Containers & Kubernetes
Exploring container security: Performing forensics on your GKE environment
Running workloads in containers can be much easier to manage and more flexible for developers than running them in VMs, but what happens if a container gets attacked? It can be bad news. We recently published some guidance for how to collect and analyze forensic data in Google Kubernetes Engine (GKE), and how best to investigate and respond to an incident.
When performing forensics on your workload, you need to perform a structured investigation, and keep a documented chain of evidence to know exactly what happened in your environment, and who was responsible for it. In that respect, performing forensics and mounting an incident response is the same for containers as it is for other environments—have an incident response plan, collect data ahead of time, and know when to call in the experts. What’s different with containers is (1) what data you can collect and how, and (2) how to react.

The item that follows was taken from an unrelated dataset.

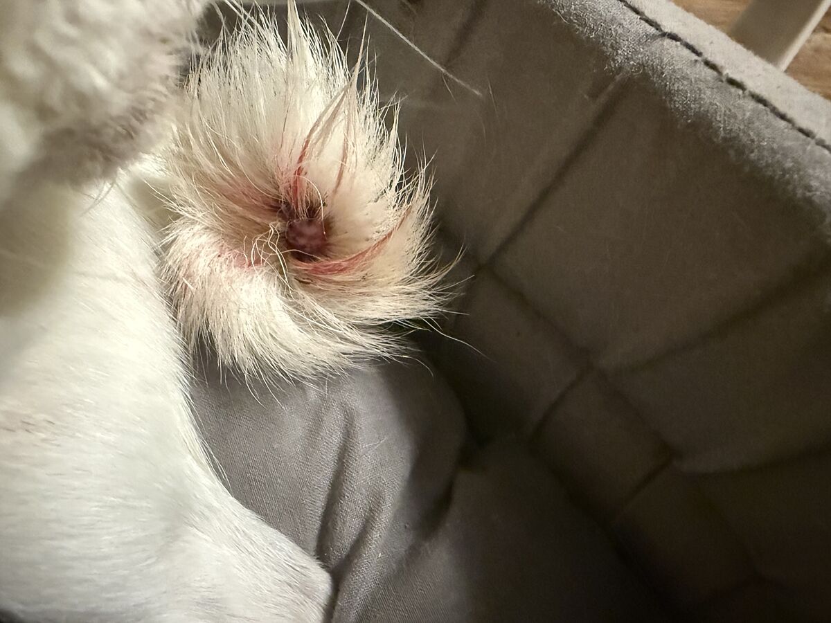 Ну или сбрить мех вокруг вавки, и залить бетадином, и пехахафтом замотать и пропитать бетадином
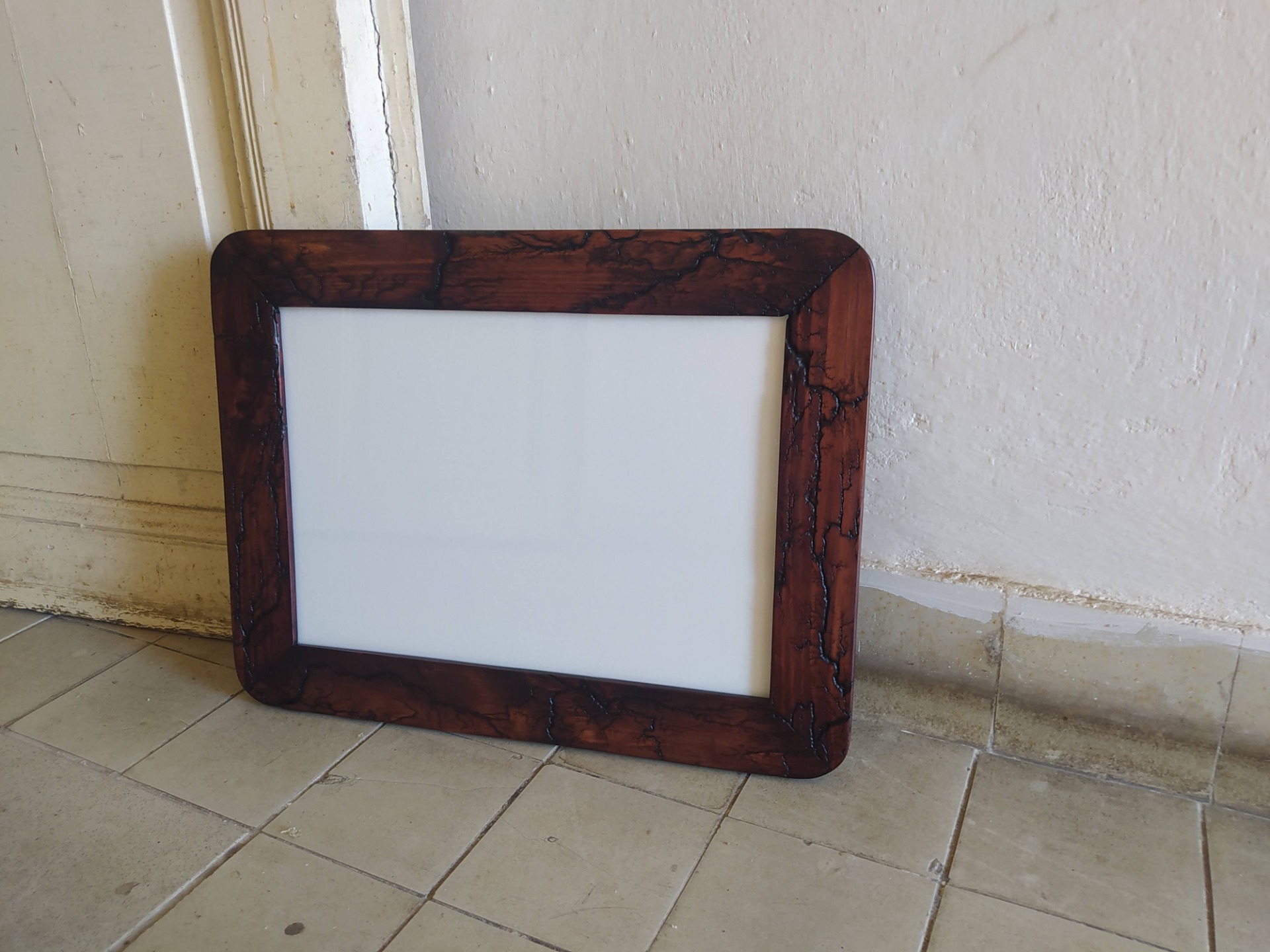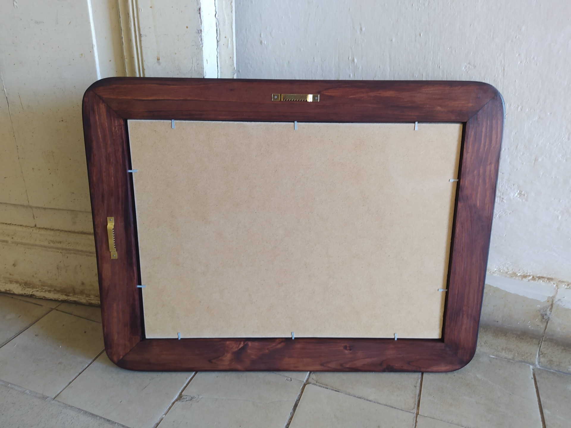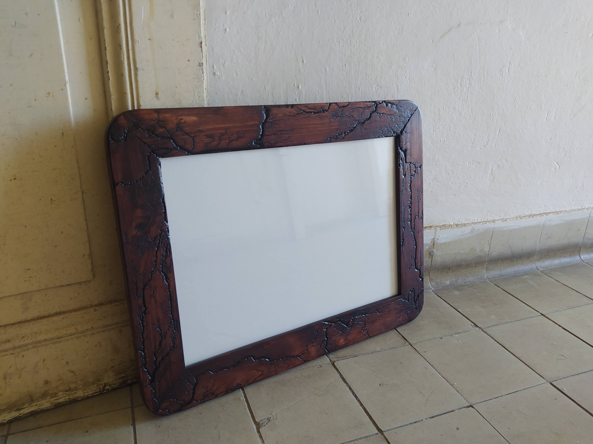 Zdobený dřevěný rám ze smrkového masivu se sklem po vložení obrazu o velikosti 28*18cm.Zadní stranu tvoří MDF a čiré sklo - vše vyjímatelné. Součástí jsou také úchyty pro zavěšení. Rám je lakovaný.

Even before an incident occurs, make the time to put together an incident response plan. This typically includes: who to contact, what actions to take, how to start collecting information and how to communicate what’s going on, both internally and externally. Incident response plans are critical, so if panic does start to set in you’ll know what steps to follow.
Other information that’s helpful to decide ahead of time, and list in your response plan, is external contacts or resources, and how your response changes based on severity of the incident. Severity levels and planned actions should be business-specific and dependent on your risks—for example, a data leak is likely more severe than an abuse of resources, and you may have different parties that need to be involved. This way, you’re not hunting around for—or debating—this information during an incident. If you don’t get the severity levels right the first time, in terms of categorization, speed of response, speed of communications, or something else, surface this in an incident post-mortem, and adjust as needed.

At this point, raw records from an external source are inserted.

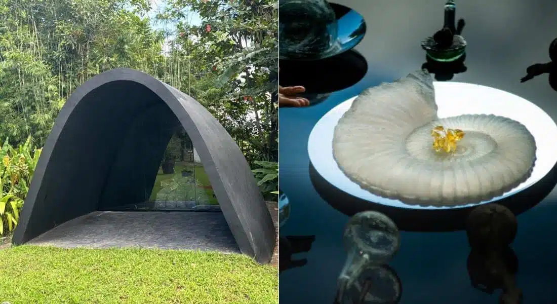 “Banquete da Terra”, que integra o acervo do museu pernambucano desde 2021, agora é exposta em uma gruta projetada pela arquiteta Andrea Helou. A obra, composta por uma mesa com pratos feitos de materiais como cristal, pirita, ouro e bronze, simboliza a trajetória da humanidade e sua relação com a Terra. Milan utiliza pedras como testemunhos históricos e convida o público a refletir sobre nossa conexão com a natureza e as questões urgentes de sustentabilidade. A instalação reforça o diálogo entre arte, ciência e meio ambiente, temas centrais na obra da artista.
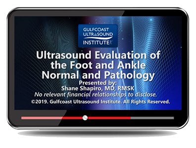 Gulfcoast: Ultrasound Evaluation of the Foot and Ankle: Normal and Pathology Training Video is designed to provide a review of anatomy, scan techniques, normal ultrasound characteristics, commonly seen pathology, and ultrasound diagnostic criteria.
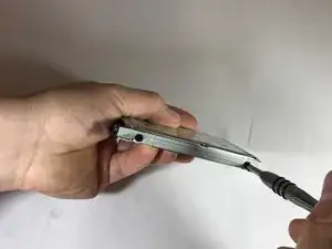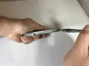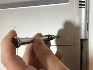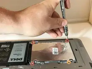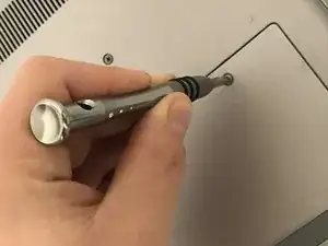 Выверните серебряный винт PH1 длиной 15 мм, который фиксирует пластиковую крышку над аккумулятором.
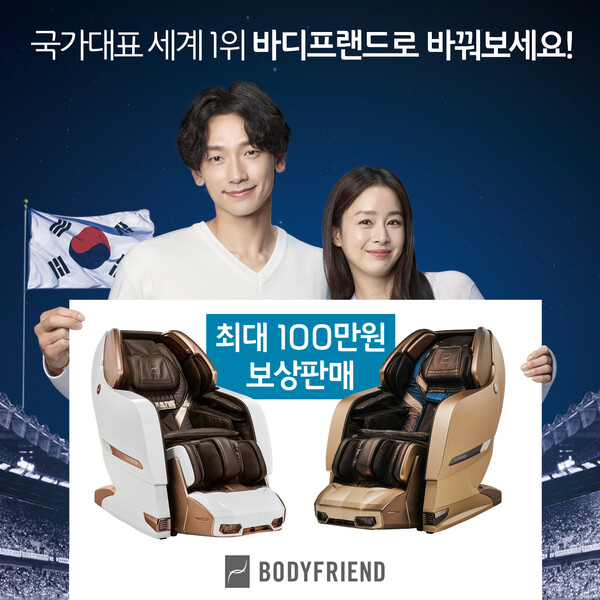 바디프랜드가 사용 중인 제품을 반납하면 최대 100만원의 보상혜택을 제공하는 '국가대표 안마의자 보상판매' 를 진행한다고 5일 밝혔다.
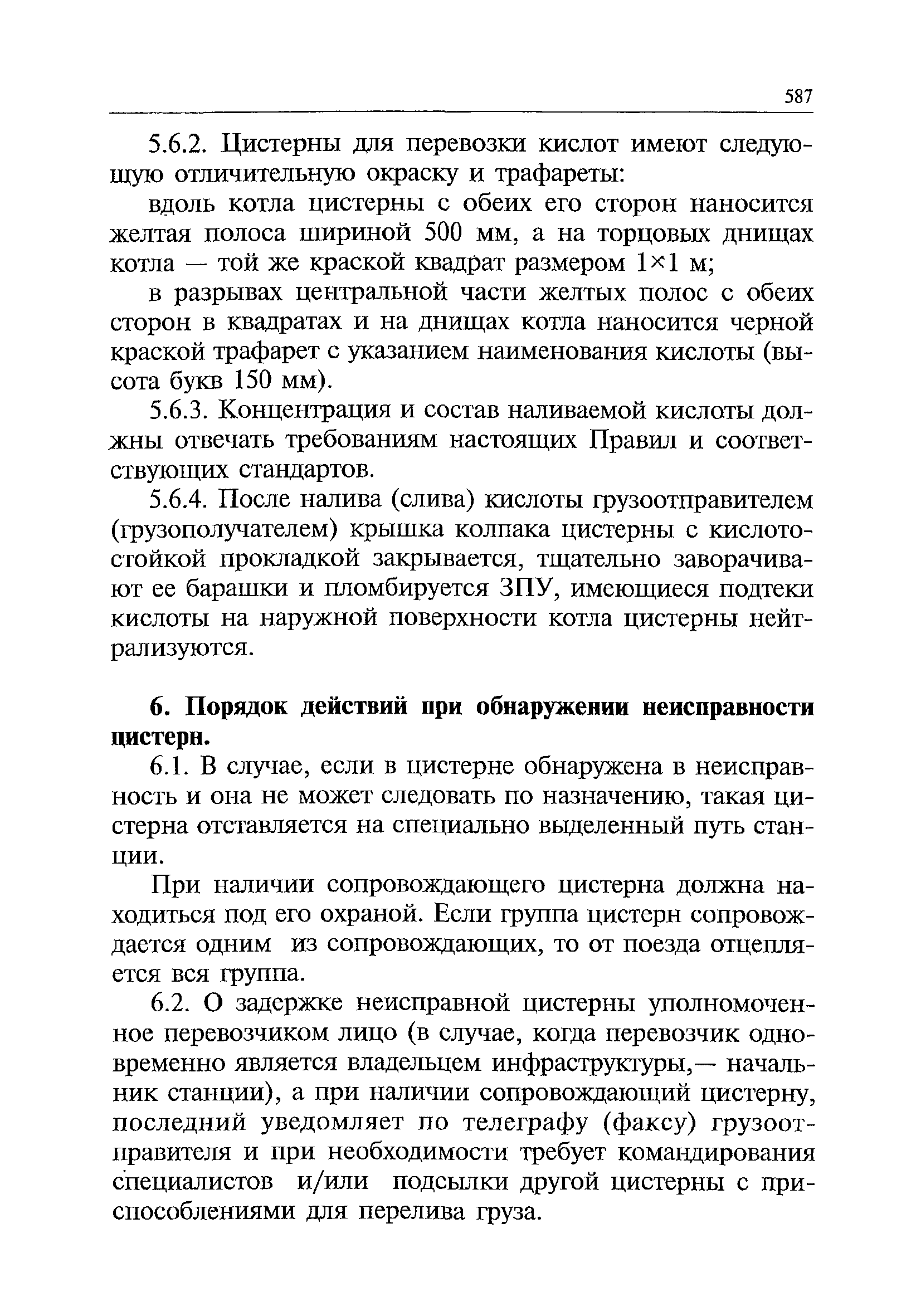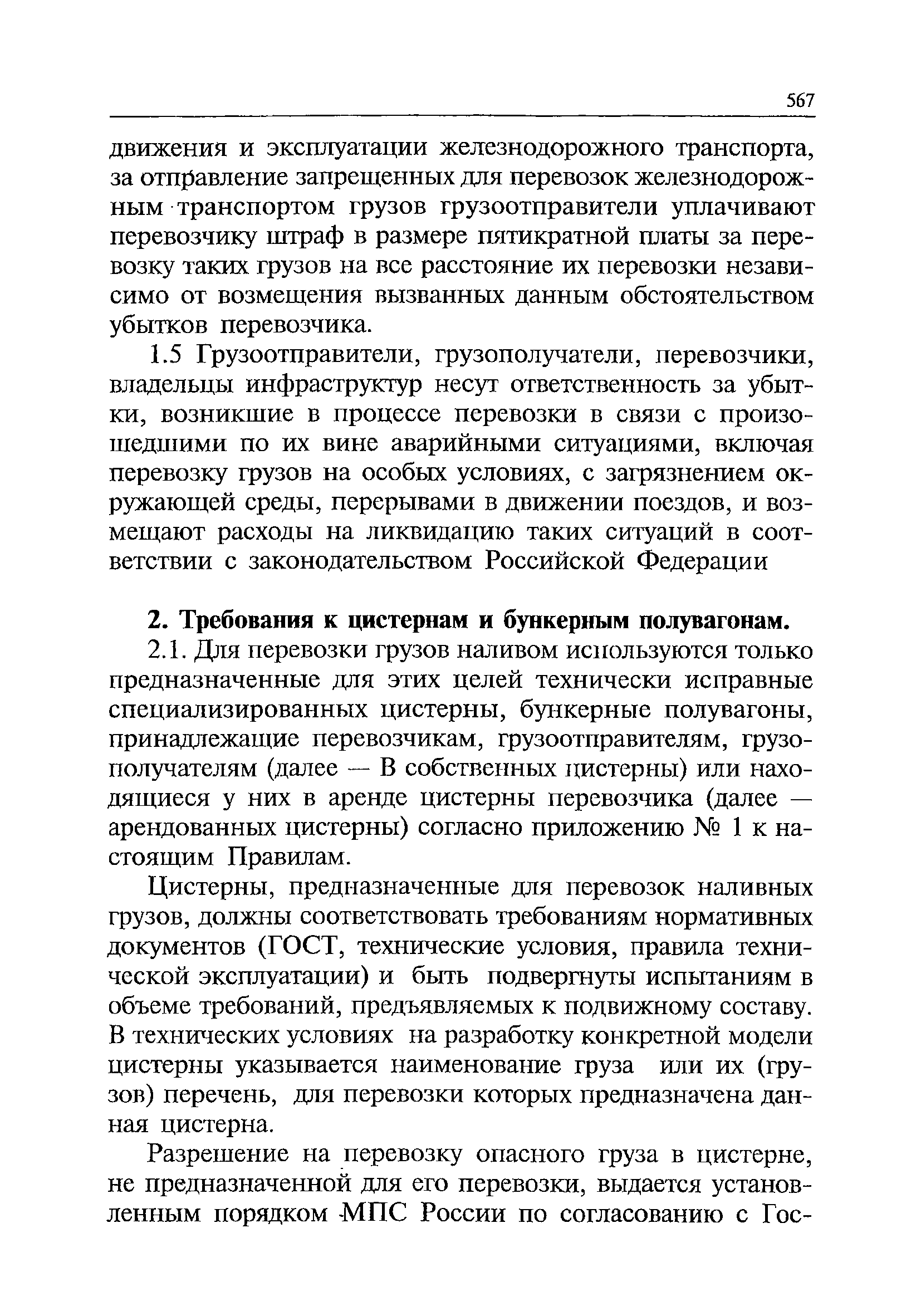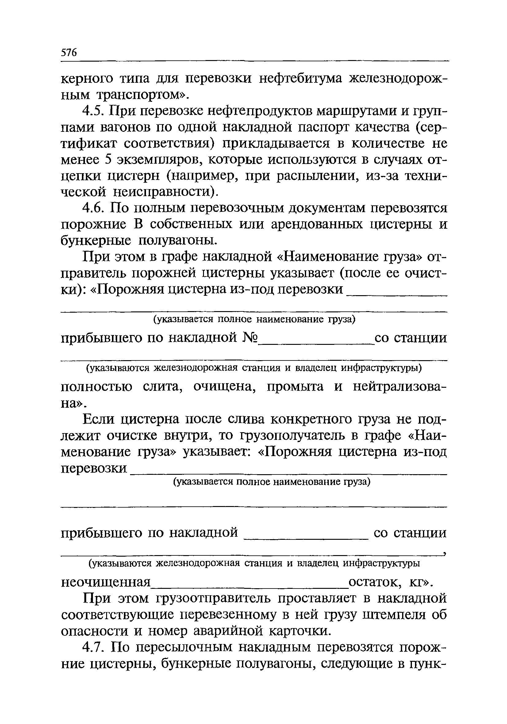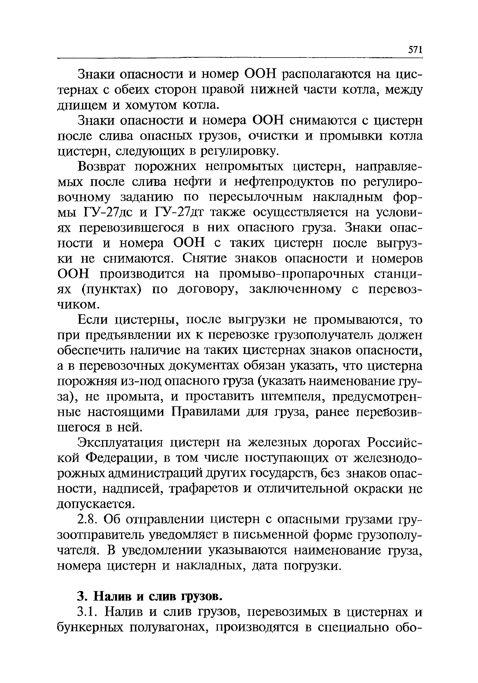| Оглавление: | 1. Общие положения 2. Требования к цистернам и бункерным полувагонам 3. Налив и слив грузов 4. Оформление перевозочных документов 5. Специальные условия перевозок опасных грузов наливом в цистернах 6. Порядок действий при обнаружении неисправности цистерн Приложение № 1. Алфавитный указатель перевозимых грузов наливом в вагонах- цистернах и в вагонах бункерного типа для перевозки нефтебитума (кроме скоропортящихся) Приложение № 2 Свидетельство о техническом состоянии вагона-цистерны для перевозки опасного груза Приложение № 3 Расчет степени заполнения цистерн грузами, перевозимыми наливом Приложение № 4 Образцы накладных |

Collect logs now, you’ll be thankful later
To put yourself in the best possible position for responding to an incident, you want data! Artifacts such as logs, disks, and live recorded info are how you’re going to figure out what’s happening in your environment. Most of these you can get in the heat of the moment, but you need to set up logs ahead of time.
There are several kinds of logs in a containerized environment that you can set up to capture: Cloud Audit Logs for GKE and Compute Engine nodes, including Kubernetes audit logs; OS specific logs; and your own application logs.
You should begin by collecting logs as soon as you deploy an app or set up a GCP project, to ensure they're available if you need them for analysis in case of an incident. For more guidance on which logs to collect for further analysis for your containers, see our new solution Security controls and forensic analysis for GKE apps.
What should you do if you suspect an incident in your environment? Don’t panic! You may be tempted to terminate your pods, or restart the nodes, but try to resist the urge. Sure, that will stop the problem at hand, but it also alerts a potential attacker that you know that they’re there, depriving you of the ability to do forensics!
So, what should you do? Put your incident response plan into action. Of course, what this means depends on the severity of the incident, and your certainty that you have correctly identified the issue. Your first step might be to ask your security team to further investigate the incident. The next step might be to snapshot the disk of the node that was running the container. You might then move other workloads off and quarantine the node to run additional analysis. For more ideas, check out the new documentation on mitigation options for container incidents next time you’re in such a situation (hopefully never!).
To learn more about container forensics and incident response, check out our talk from KubeCon EU 2019, Container forensics: what to do when your cluster is a cluster (slides). But as always, the most important thing you can do is prevention and preparation—be sure to follow the GKE hardening guide, and set up those logs for later!